All pictures must be left out as you transcribe the lines from the first line of the data to the line containing "Realistically depicted family", both included.

*** Opening of Source material ***

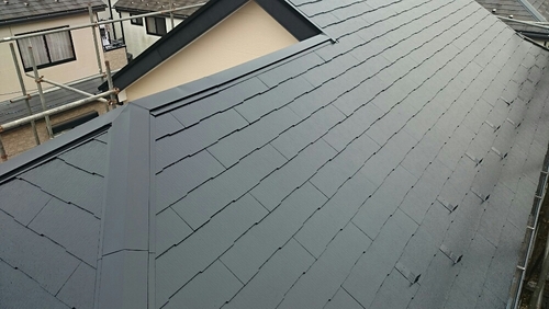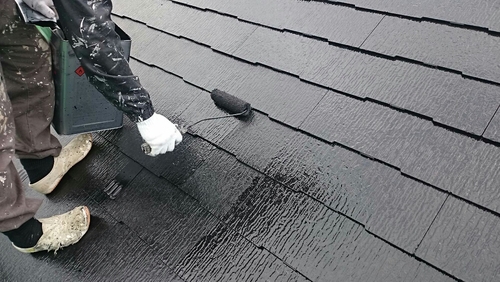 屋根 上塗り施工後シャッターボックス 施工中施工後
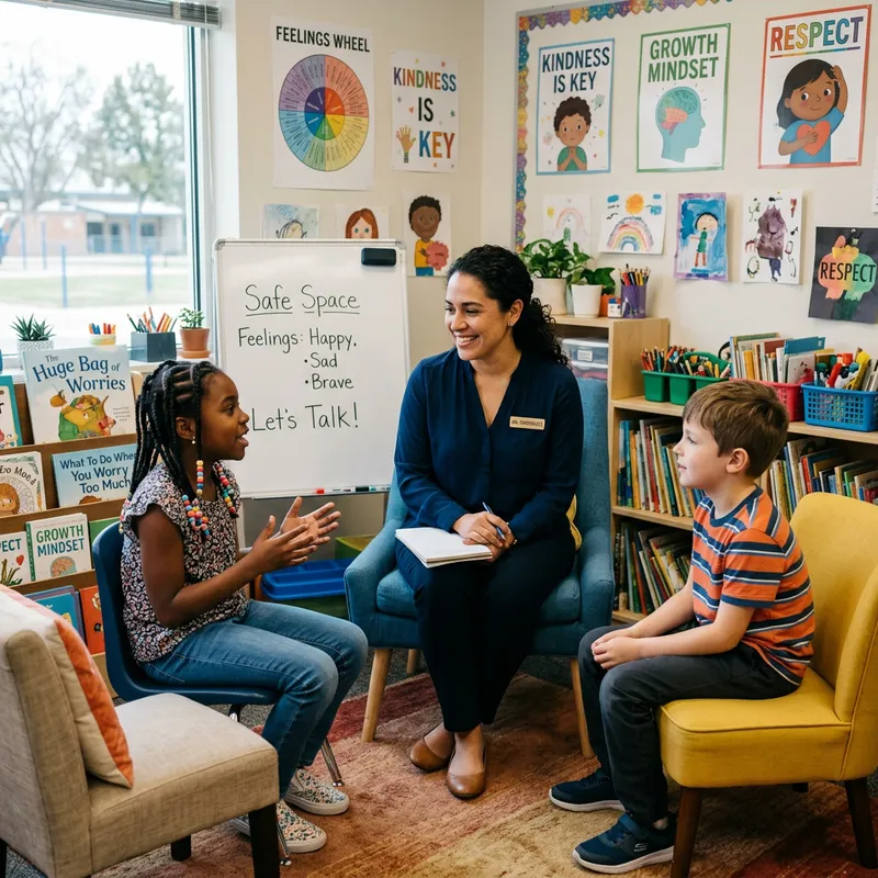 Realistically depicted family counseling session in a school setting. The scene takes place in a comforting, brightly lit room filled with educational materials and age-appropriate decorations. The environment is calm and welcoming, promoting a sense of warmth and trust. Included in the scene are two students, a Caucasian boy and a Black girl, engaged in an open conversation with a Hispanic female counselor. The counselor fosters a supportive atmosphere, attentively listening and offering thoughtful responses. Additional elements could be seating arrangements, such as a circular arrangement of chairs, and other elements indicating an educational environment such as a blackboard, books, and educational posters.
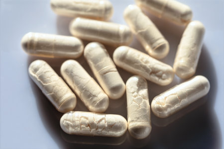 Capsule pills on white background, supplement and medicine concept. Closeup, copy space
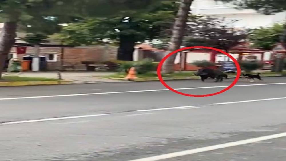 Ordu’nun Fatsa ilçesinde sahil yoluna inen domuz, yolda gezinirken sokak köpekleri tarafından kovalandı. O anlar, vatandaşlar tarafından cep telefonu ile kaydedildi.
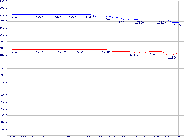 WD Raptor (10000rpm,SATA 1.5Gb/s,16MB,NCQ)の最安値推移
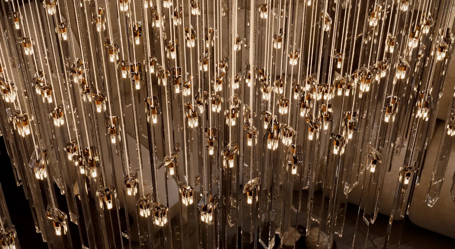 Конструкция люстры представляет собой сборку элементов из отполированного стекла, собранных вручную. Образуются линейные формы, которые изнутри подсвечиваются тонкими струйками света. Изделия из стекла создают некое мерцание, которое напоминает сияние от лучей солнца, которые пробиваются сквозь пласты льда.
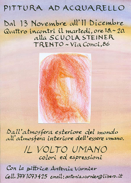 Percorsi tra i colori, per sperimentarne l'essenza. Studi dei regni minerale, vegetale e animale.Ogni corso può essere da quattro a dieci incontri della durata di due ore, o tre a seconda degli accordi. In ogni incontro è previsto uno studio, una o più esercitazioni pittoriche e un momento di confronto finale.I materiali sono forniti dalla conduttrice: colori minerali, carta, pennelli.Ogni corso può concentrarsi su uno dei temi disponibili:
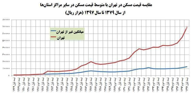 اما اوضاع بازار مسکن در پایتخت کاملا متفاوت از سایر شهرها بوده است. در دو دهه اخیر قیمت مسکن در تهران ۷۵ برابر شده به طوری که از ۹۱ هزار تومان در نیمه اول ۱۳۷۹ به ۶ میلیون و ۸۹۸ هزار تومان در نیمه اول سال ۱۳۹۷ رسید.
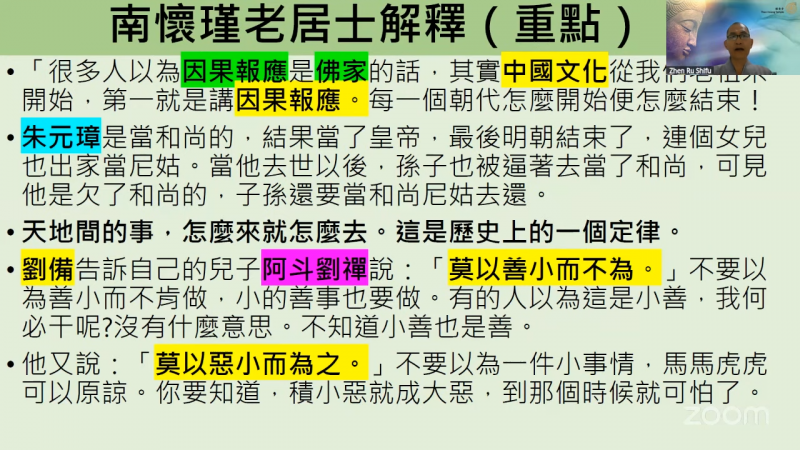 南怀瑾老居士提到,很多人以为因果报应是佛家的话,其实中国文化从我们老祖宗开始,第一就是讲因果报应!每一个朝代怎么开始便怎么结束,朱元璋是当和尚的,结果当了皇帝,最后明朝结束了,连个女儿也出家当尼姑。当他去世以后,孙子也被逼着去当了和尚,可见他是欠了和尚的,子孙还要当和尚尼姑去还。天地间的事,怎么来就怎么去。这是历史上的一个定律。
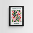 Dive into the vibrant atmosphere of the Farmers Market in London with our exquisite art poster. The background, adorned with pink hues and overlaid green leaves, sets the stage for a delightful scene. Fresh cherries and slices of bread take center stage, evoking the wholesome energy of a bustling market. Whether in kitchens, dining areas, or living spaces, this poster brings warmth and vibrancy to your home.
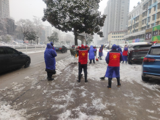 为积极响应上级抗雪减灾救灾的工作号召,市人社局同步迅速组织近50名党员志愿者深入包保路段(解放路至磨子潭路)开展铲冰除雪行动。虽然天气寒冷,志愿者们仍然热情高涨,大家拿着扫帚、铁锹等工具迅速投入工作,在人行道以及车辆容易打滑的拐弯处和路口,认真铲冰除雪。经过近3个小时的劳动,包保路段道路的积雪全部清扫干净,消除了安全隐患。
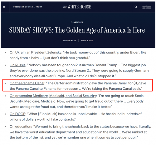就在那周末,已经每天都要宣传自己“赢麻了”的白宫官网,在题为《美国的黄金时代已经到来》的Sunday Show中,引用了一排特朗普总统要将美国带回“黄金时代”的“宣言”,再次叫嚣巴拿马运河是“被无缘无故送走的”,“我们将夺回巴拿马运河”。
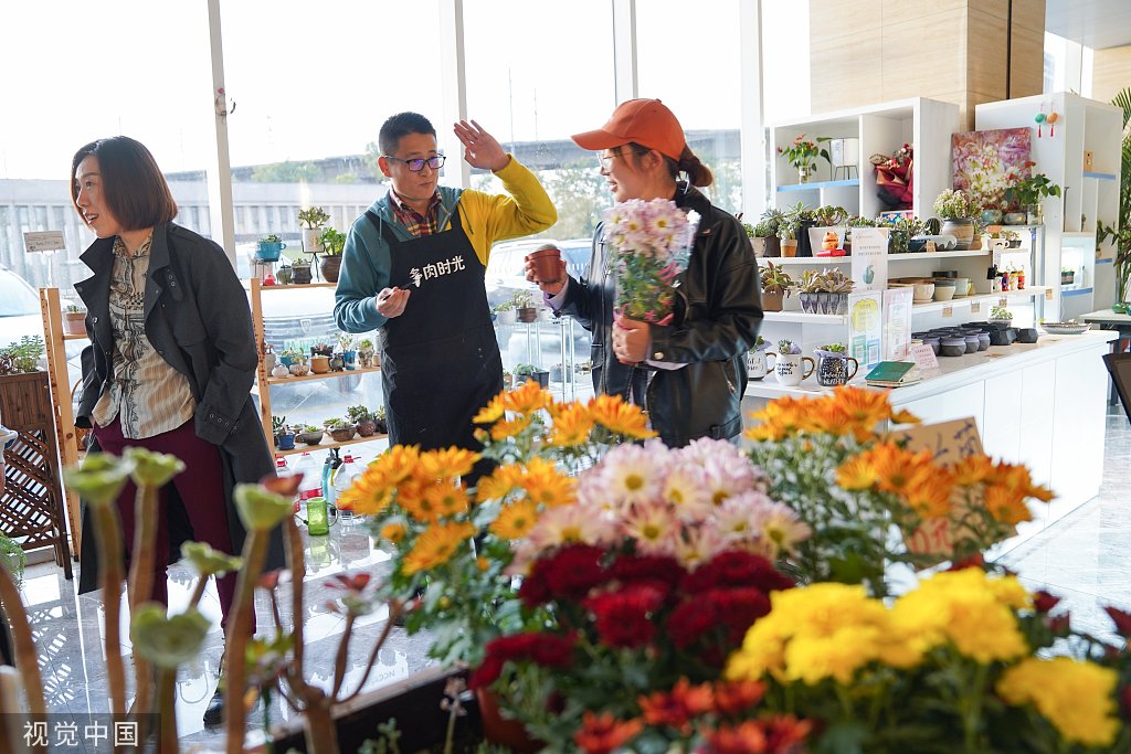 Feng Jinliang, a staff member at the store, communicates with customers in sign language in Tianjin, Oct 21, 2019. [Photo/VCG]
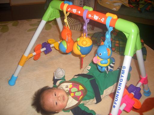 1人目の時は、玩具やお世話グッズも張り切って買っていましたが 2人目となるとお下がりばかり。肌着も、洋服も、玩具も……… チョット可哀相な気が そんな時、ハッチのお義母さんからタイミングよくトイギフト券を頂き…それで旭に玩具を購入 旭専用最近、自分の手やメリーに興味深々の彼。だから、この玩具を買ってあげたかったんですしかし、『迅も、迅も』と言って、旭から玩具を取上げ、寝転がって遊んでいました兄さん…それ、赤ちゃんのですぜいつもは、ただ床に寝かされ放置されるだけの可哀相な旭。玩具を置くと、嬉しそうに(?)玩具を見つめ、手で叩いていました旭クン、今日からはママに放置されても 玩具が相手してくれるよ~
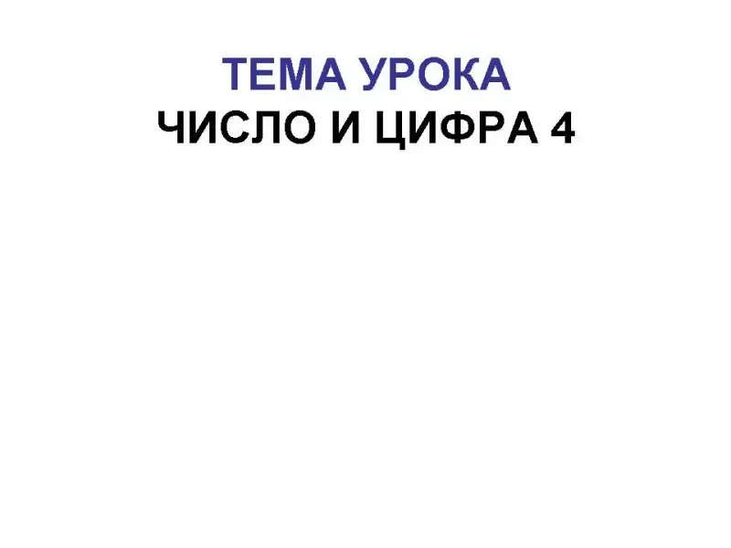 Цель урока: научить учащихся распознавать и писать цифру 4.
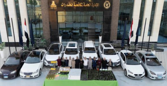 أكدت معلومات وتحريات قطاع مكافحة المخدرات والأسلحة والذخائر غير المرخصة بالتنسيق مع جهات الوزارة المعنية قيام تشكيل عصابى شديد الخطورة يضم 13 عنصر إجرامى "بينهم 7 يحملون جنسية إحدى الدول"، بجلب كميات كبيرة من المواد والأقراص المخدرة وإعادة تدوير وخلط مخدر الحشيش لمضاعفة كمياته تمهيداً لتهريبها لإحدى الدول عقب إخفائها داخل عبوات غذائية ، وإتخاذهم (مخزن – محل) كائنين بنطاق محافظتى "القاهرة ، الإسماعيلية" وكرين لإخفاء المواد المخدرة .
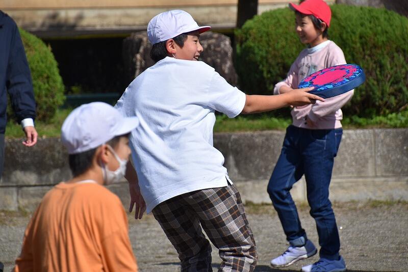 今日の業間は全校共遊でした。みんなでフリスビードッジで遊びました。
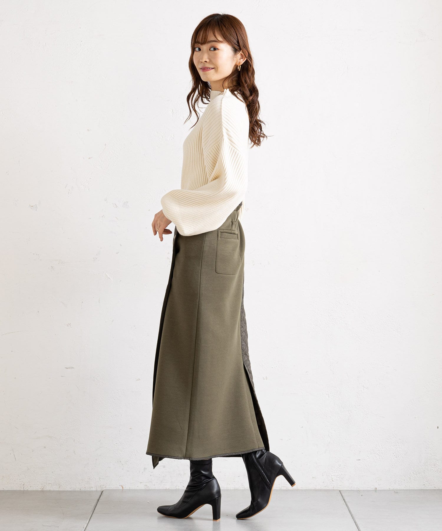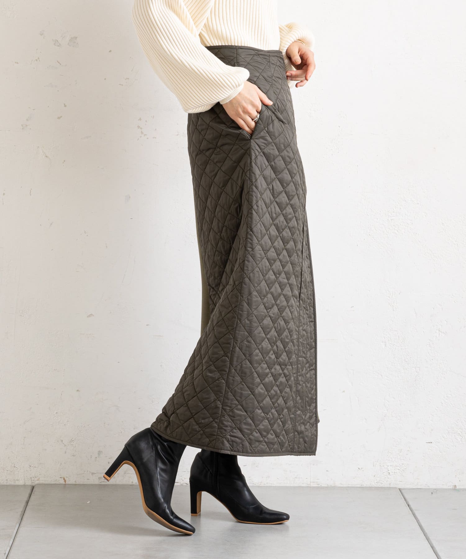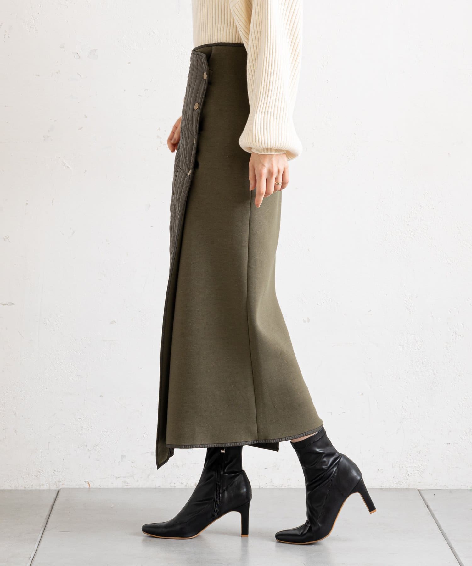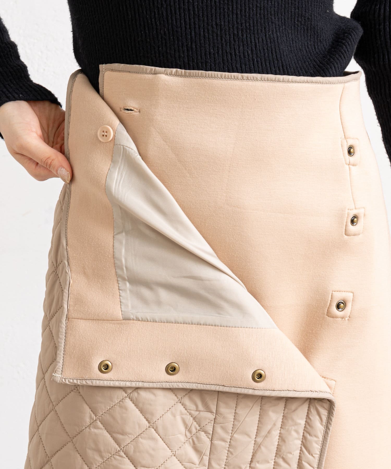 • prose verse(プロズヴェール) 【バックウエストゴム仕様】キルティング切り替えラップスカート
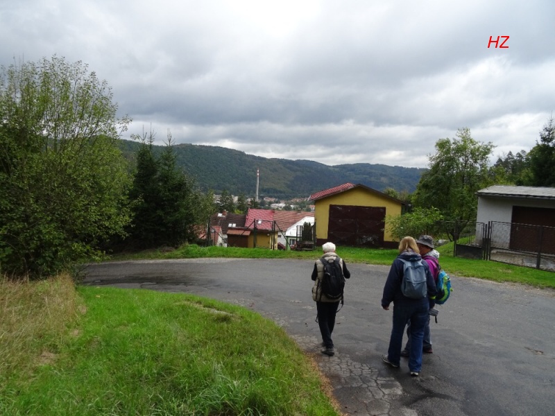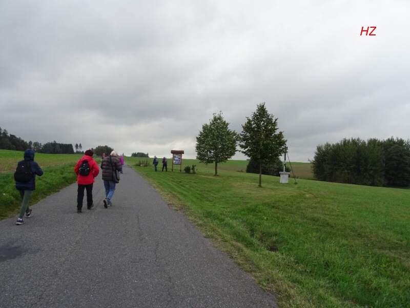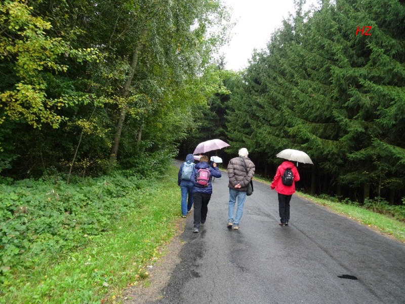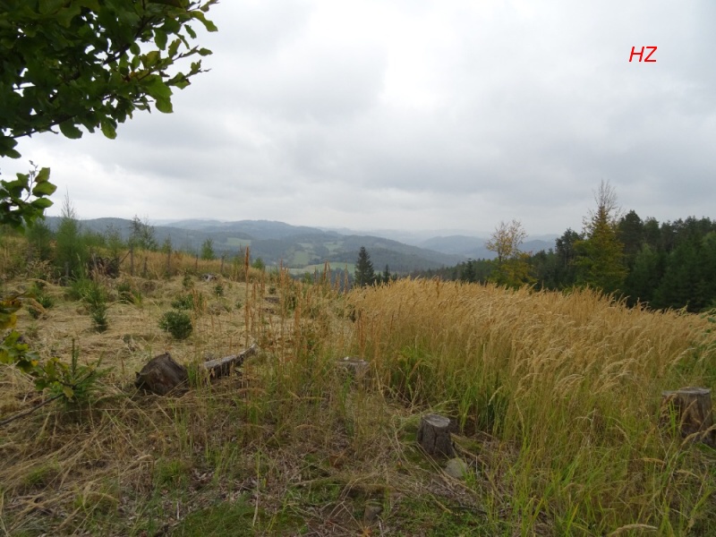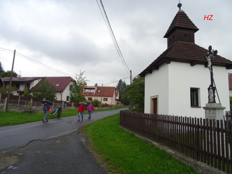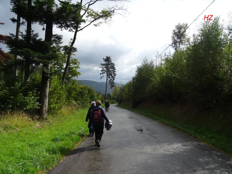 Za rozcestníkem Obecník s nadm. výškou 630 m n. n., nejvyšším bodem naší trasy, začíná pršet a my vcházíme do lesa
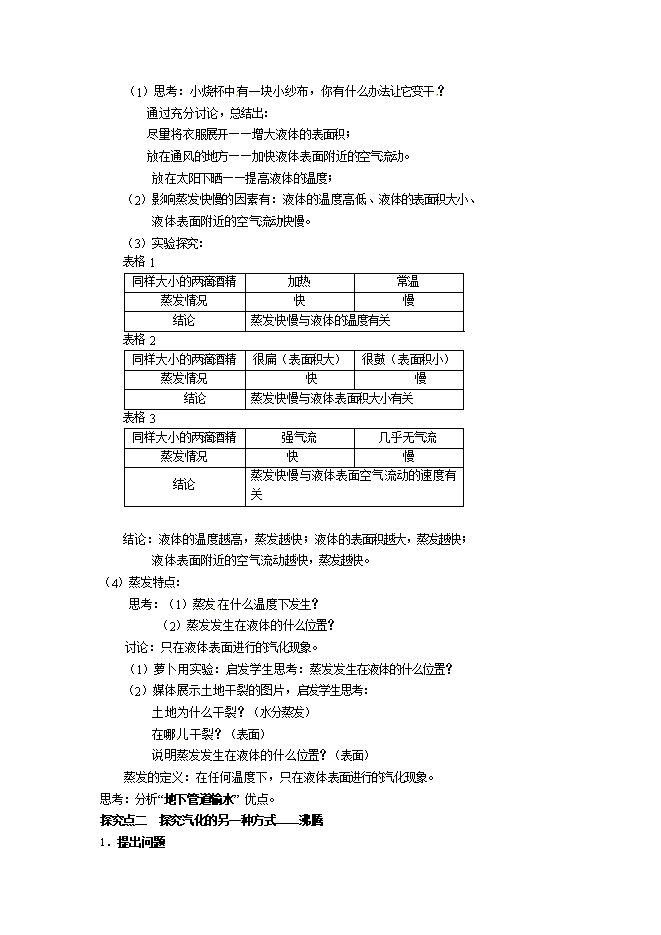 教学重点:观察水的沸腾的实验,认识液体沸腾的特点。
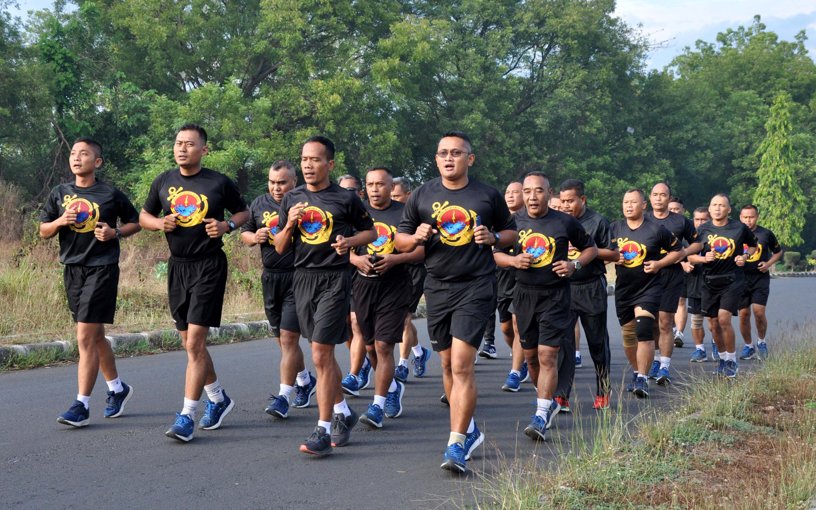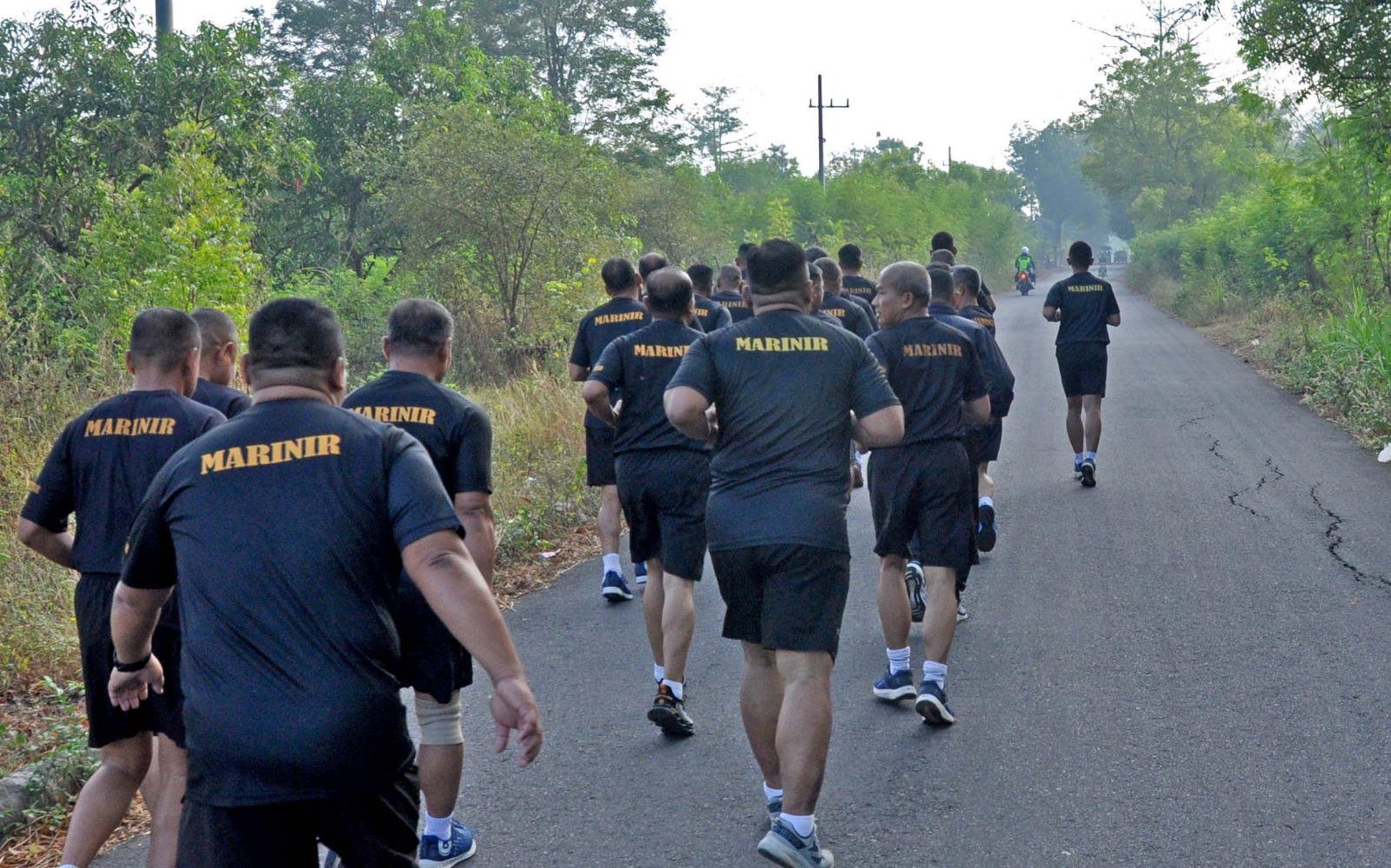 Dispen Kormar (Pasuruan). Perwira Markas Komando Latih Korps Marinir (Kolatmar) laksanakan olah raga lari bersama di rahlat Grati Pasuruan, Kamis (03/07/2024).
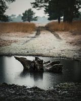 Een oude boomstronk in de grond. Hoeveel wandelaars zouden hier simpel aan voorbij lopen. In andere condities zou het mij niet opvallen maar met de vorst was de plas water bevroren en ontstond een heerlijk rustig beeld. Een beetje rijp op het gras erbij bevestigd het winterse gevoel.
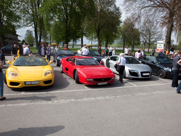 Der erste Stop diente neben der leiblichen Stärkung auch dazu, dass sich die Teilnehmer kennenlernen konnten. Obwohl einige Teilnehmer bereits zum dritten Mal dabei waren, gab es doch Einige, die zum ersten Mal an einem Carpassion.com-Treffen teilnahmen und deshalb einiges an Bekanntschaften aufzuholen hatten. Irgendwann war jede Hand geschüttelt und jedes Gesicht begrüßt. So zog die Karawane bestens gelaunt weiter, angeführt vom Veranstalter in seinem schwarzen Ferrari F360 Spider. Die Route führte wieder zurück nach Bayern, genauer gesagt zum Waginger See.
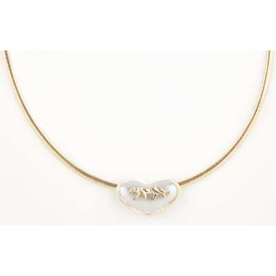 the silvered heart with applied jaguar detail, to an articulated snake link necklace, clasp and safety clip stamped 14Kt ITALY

*** Close of Source material ***

▶ **Answer for the task**:
 屋根 上塗り施工後シャッターボックス 施工中施工後
 Realistically depicted family counseling session in a school setting. The scene takes place in a comforting, brightly lit room filled with educational materials and age-appropriate decorations. The environment is calm and welcoming, promoting a sense of warmth and trust. Included in the scene are two students, a Caucasian boy and a Black girl, engaged in an open conversation with a Hispanic female counselor. The counselor fosters a supportive atmosphere, attentively listening and offering thoughtful responses. Additional elements could be seating arrangements, such as a circular arrangement of chairs, and other elements indicating an educational environment such as a blackboard, books, and educational posters.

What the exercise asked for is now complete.